Determination of trace elements in human body by blood morphological examination of various bone marrow cells

In addition to red blood cells, hemoglobin, and red blood cell ratio, the most basic hematology should include:

(1) Net red blood cell count, corrected reticulocyte count = patient's hematocrit / 0.45 / L × reticulocyte (%).

(2) Determination of MCV and MCHC.

(3) Peripheral blood smear, observe whether red blood cells have abnormal red blood cells, such as spherical red blood cells, target red blood cells, fission cells, with or without red blood cell size, low pigment and polychromatic red blood cells, eosinophilic spot color, Kabo Terry's ball, Hao's body and so on. Changes in the number and morphology of white blood cells and platelets, with or without abnormal cells.
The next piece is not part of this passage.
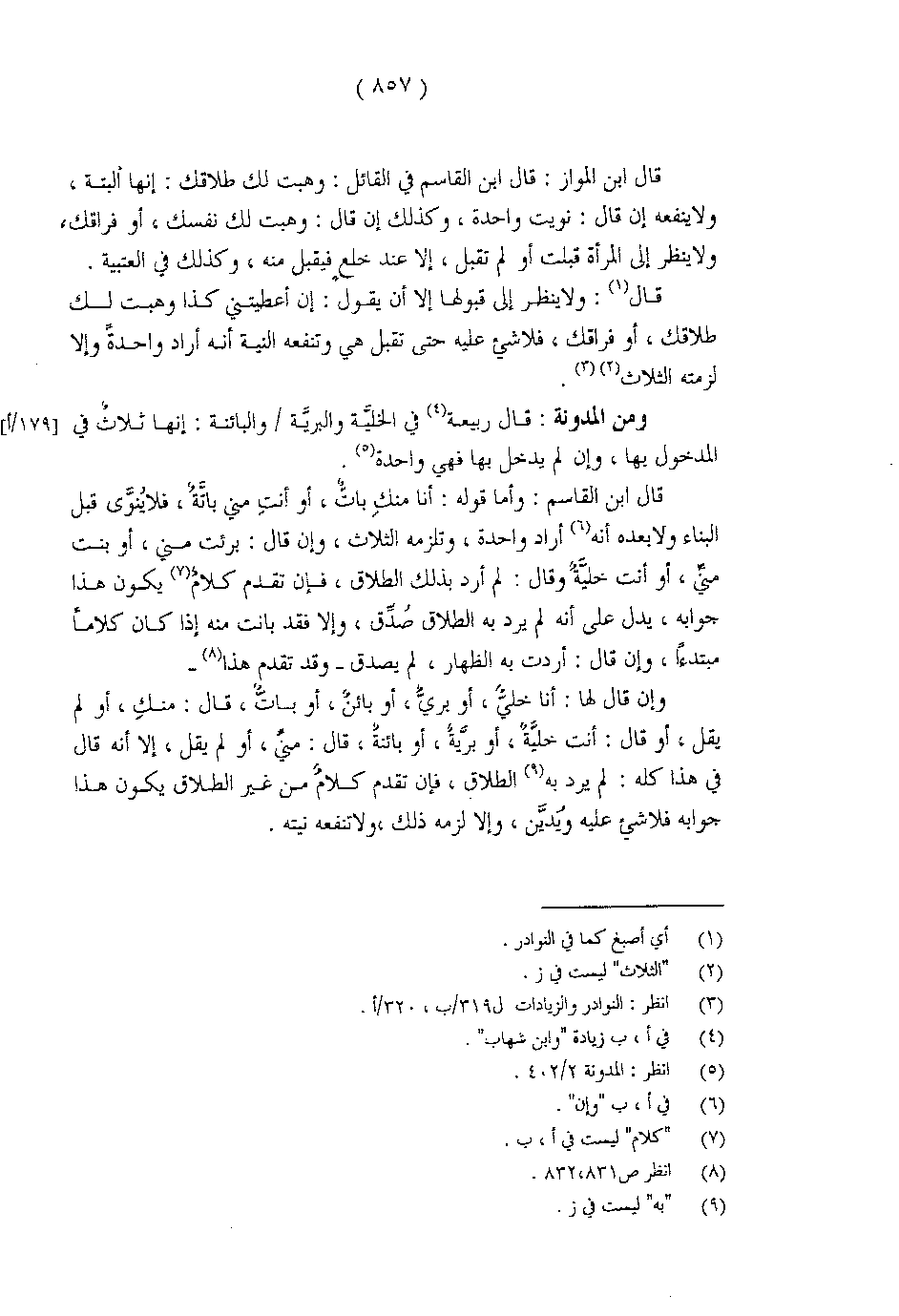 قال ابن المواز: قال ابن القاسم في القائل: وهبت لك طلاقك: إنها ألبتة، ولا ينفعه إن قال: نويت واحدة، وكذلك إن قال: وهبت لم نفسك، أو فراقك، ولا ينظر إلى المرأة قبلت أو لم تقبل، إلا عند خلع فيقبل منه، وكذلك في العتبية.

(4) Bone marrow puncture for bone marrow smear examination, which is indispensable for diagnosis, and bone marrow biopsy should be performed if necessary. Bone marrow examination must include staining to confirm or rule out iron deficiency anemia and iron granulocyte anemia.

Urine routine, fecal occult blood and parasite eggs, blood urea nitrogen, serum creatinine and lung X-ray examination can not be ignored.

Diagnosis

Differential diagnosis

Indicators for identifying the nature of anemia are often used to calculate the mean red blood cell volume (MCV), mean red blood cell hemoglobin (MCH), and mean red blood cell hemoglobin concentration (MCHC) calculated from the number of red blood cells, hematocrit, and hemoglobin.

Increased MCV, seen in aplastic anemia, reduced, seen in iron deficiency anemia. Increased, is the indication of hemolysis, decreased with small cell hyperplasia, is iron deficiency anemia; reduced with large cell hyperplasia, aplastic anemia.

Comprehensive changes in MCV, MCH, and MCHC can identify anemia as hypoxic small erythrocyte anemia and hyperchromic large cell anemia (MCV increases, MCHC is higher than normal).